Asset ID: |
1-72-1385644.1 |
Update Date: | 2012-10-10 |
Keywords: | |
Solution Type
Problem Resolution Sure
Solution
1385644.1
:
Sun Storage 7000 Unified Storage System: OpenOwner Entries count increases on ZFS Storage Appliance.
Related Items |
- Sun Storage 7410 Unified Storage System
- Sun Storage 7310 Unified Storage System
- Sun ZFS Storage 7120
- Sun ZFS Storage 7320
- Sun Storage 7110 Unified Storage System
- Sun ZFS Storage 7420
- Sun Storage 7210 Unified Storage System
|
Related Categories |
- PLA-Support>Sun Systems>DISK>NAS>SN-DK: 7xxx NAS
- .Old GCS Categories>Sun Microsystems>Storage - Disk>Unified Storage
- PLA-Support>Database Technology>Engineered Systems>Oracle Exalogic>MW: Exalogic Core
|
In this Document
Created from <SR 3-4913495111>
Applies to:
Sun ZFS Storage 7320 - Version Not Applicable to Not Applicable [Release N/A]
Sun Storage 7110 Unified Storage System - Version Not Applicable to Not Applicable [Release N/A]
Sun Storage 7410 Unified Storage System - Version Not Applicable to Not Applicable [Release N/A]
Sun Storage 7210 Unified Storage System - Version Not Applicable to Not Applicable [Release N/A]
Sun Storage 7310 Unified Storage System - Version Not Applicable to Not Applicable [Release N/A]
7000 Appliance OS (Fishworks)
Symptoms
In an environment where clients mount filesystems from the ZFS Storage Appliance utilizing NFSv4 protocol, it was reported that the requests for file access were hanging, and additionally commands such as ls and df were also unresponsive.
The same filesystems mounted via NFS v3 or SMB/CIFS are responsive.
Cause
The limit of entries for the OpenOwner table is exhausted.

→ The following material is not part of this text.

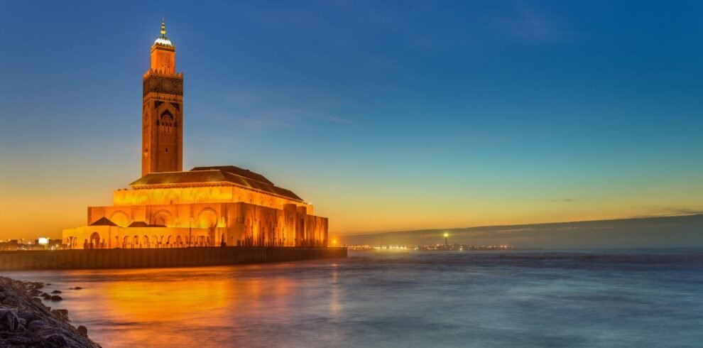Morocco’s largest city blends modern flair with cultural heritage. Visit the striking Hassan II Mosque,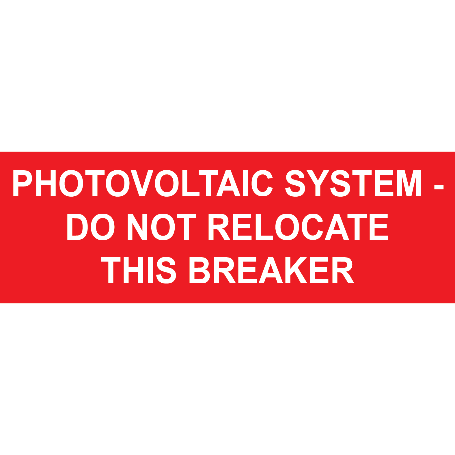 Protect your solar energy systems with this high-visibility and NEC Compliant Photovoltaic System-Do Not Relocate This Breaker label. Featuring bold red and white print, this durable plastic tag clearly states:

This Defect is tracked as Sun <Bug 6976554> on ZFS Unified Storage Appliance side.
Solution
To resolve this issue, please upgrade to appliance software update 2011.1.1.0 or later (or 2011.1.2.1 or later for 7x10 systems with SAS-1 Disk Trays attached).

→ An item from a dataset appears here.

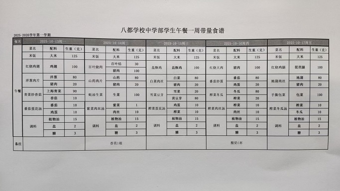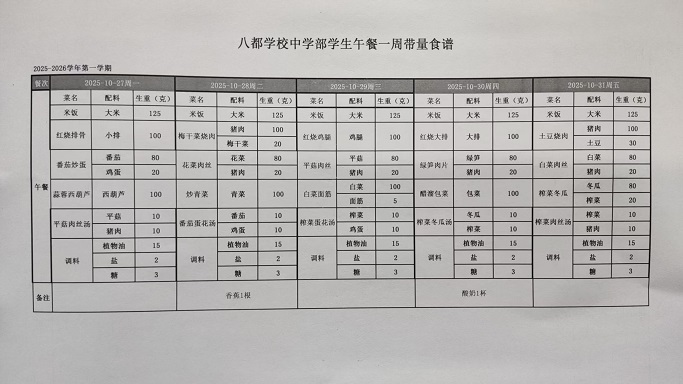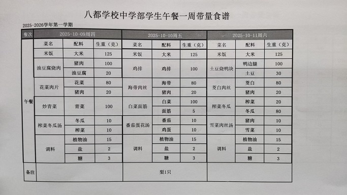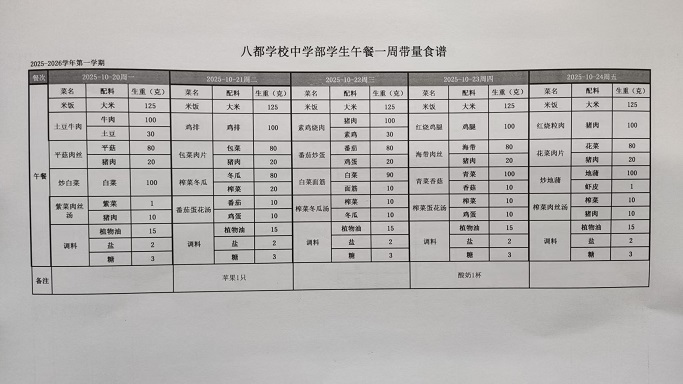 2025年八都学校中学部10月学生午餐带量菜谱

See <Bug 6976554>. If unable to upgrade the customer must contact Oracle support via an SR. TSC will associate the SR with the CR (assuming a match using confirmation method below) and request relief.
Confirmation:
Request a shared shell session to the appliance. From the OS shell, use the following command to dump out the OpenOwner table.

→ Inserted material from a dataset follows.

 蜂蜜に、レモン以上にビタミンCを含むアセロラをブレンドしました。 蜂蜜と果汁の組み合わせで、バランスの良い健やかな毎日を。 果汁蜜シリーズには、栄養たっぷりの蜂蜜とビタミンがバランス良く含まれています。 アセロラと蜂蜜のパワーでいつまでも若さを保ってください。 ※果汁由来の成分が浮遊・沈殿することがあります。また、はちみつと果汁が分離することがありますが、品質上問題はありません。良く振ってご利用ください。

# echo '::rfs4_db' |mdb -k
The output should look similar to the following:
> ::rfs4_db
rfs4_database=ffffff315939a998
debug_flags=00000000 shutdown: count=0 tables=ffffff30fb27eb08
------------------ Table ------------------- Bkt ------- Indices -------
Address Name Flags Cnt Cnt Pointer Cnt Max
ffffff30fb27eb08 DelegStateID 00000000 0000 2047 ffffff31504f2740 0002 0002
ffffff3158771608 File 00000000 16686 2047 ffffff313e6baa40 0001 0001
ffffff315872b850 Lockowner 00000000 341250 2047 ffffff31593701c0 0002 0002
ffffff30fb5751a0 LockStateID 00000000 341250 2047 ffffff30f5fa2140 0002 0002
ffffff31587a09b8 OpenStateID 00000000 20327 2047 ffffff313f5443c0 0003 0003
ffffff31586cc7c0 OpenOwner 00000000 1048576 2047 ffffff315987c340 0001 0001
ffffff3158788410 ClntIP 00000000 0000 2047 ffffff3158239800 0001 0001
ffffff31581dfcd8 Client 00000000 0027 2047 ffffff315858d880 0002 0002
The bold output above identifies that we have reached the max number of available entries for the OpenOwner table.
The OpenOwner table is exhausted due to a defect in which we do not aggressively reap stale OpenOwner entries for active clients.
If the customer is unable to upgrade right away, we can identify which clients are consuming the majority of the OpenOwner table entries.
Rebooting those clients will provide temporary relief and restore NFSv4 access.
Here is an example where one client has consumed 999670 of the 1048576 of the OpenOwner table entries.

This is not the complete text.